Coronavirus’ black swan

by
Aslak Berge

This year’s market shock will test both buyers and sellers of salmon.

During the Crimean crisis, in early March 2014, SalmonBusiness’s sister publication iLaks warned that a black swan could hit the salmon market. A market characterized by “low supply of fish, rapidly growing demand and few opportunities to increase supply side in the coming years” was threatened.

In eastern Ukraine, Russia sponsored the war of local separatists in the country’s richest industrial region. In the south, the Russians annexed the Crimea Peninsula.

The world held its breath.

Black swan
The so-called Black Swan theory assumes that a surprising event with very large ringing effects will occur. It must be a rare event that is difficult to predict and is unlikely.

The term is frequently used in history, finance, science and technology, and often refers to a statistical extreme outlier – a statistical observation entirely outside of normal expectations, since nothing in history should point to this probability. At the same time, it must have the potential to cause very extensive consequences. Once a black swan has been identified, observers in the light of hindsight will seek to rationalise and explain it as if it could have been expected.

Aslak Berge

The theory was launched by author Nassim Nicholas Taleb in the book Fooled By Randomness which was published in 2001. He cited events such as the development of the internet, the PC, but also the outbreak of World War I and the attacks of September 11, 2001 as examples of black swans.

Escalated
The Crimean crisis escalated rapidly.

On July 17, 2014, flight MH17 from Malaysia Airlines was hit by a ground-to-air missile over eastern Ukraine. All the 298 onboard were killed. The West, the EU and NATO, placed the responsibility in the Kremlin. With heavy financial sanctions in response.

In early August, President Putin closed Russia’s borders for a wide range of food from the West. This included farmed salmon. Russia was at this time Norway’s largest buyer of salmon, with an import of more than 100,000 tonnes annually.

With the largest buyer out of the market, the salmon price fell heavily. In the late autumn, the spot price stood at EUR 3.5 – a fall of 40 per cent from the top quotes in the first quarter.

Six years later, the Russian market is still closed to salmon from European, American and Canadian farmers,

Absorbed
It looked like a black swan.

But not quite. The salmon market picked up again. Especially since the farming countries were not able to increase supply. The fallout of Russia was absorbed by increasing demand from other and new buyers.

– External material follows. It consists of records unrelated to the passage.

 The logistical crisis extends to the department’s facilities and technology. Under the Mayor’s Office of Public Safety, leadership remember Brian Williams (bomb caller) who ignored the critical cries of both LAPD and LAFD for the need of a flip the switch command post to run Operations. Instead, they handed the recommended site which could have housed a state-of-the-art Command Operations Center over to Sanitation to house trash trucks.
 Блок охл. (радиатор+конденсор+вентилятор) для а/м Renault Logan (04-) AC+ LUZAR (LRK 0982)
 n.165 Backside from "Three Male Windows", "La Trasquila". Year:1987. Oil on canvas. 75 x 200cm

If the crisis in Ukraine five years ago was a black swan, it was nothing against what we have seen this year. The outbreak of the coronavirus, its ripple effects, and not least the collective efforts by the international authorities to prevent the spread of infection, have built up a market shock that is unparalleled.

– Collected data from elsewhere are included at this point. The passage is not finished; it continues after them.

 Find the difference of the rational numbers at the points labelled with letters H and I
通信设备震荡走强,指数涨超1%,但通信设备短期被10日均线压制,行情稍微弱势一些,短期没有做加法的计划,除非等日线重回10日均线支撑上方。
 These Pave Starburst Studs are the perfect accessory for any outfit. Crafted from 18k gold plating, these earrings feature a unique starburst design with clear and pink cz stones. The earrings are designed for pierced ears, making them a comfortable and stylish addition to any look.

The so-called HoReCa segment, hotel, restaurant and catering, is normally a massive buyer of salmon. That segment has imploded. It’s almost gone.

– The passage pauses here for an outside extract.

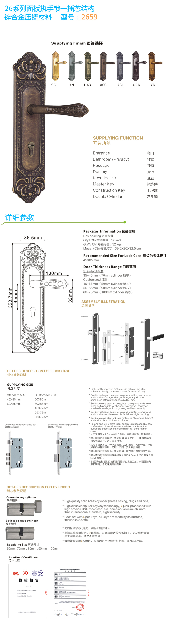 * 優(yōu)質(zhì)全銅鎖芯,標(biāo)配5條全銅鑰匙
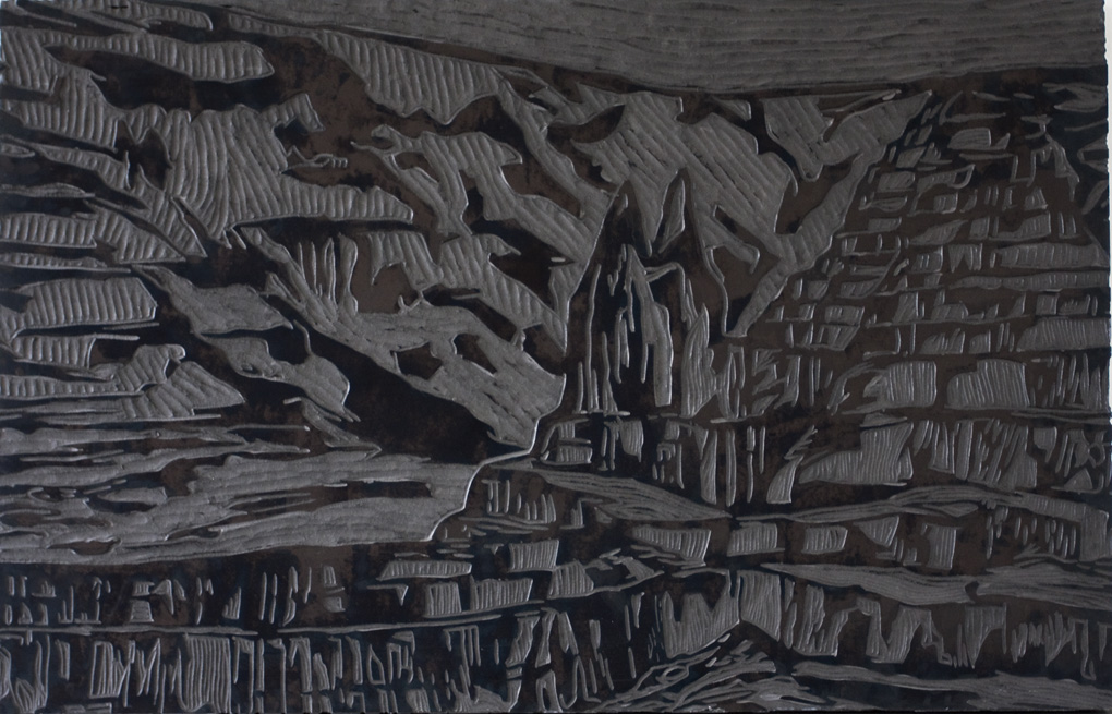 Holzschnitt und Öl auf eingefärbtem MDF, 110 x168 x 7,5 cm.

Overseas markets have been greatly reduced as a function of the fact that most of the world’s air freight services are cancelled.

At sea and on land
Salmon farmers thank the gods for the coronavirus crisis to hit them at a time when they have seasonally low harvest volumes and free capacity in their cages. Salmon can stay for longer in the sea and don’t need to be harvested.

But the longer the fish stay in the sea, the bigger they get. There will be more salmon to sell. In a market that is already well supplied despite low sales volumes, salmon prices have fallen sharply, by 35 per cent, since January.

It is not just in the sea that stocks are increasing. A rapidly rising stock of salmon has taken up freezing stocks both in Norway and abroad. These fish will not go away. They will linger over the market for a long time.

Liquidity
For salmon farmers, they respond to crises in the usual way. They freeze in fish. Several of them have cancelled or postponed dividends. Some have also extended the credit times to their suppliers.

Cash is king. Here it is important to “keep the powder dry”.

If it gets really bad, they have to pull the emergency brake. Then they must reduce stock and get external financing.

We’re not there yet. And we may not get there either.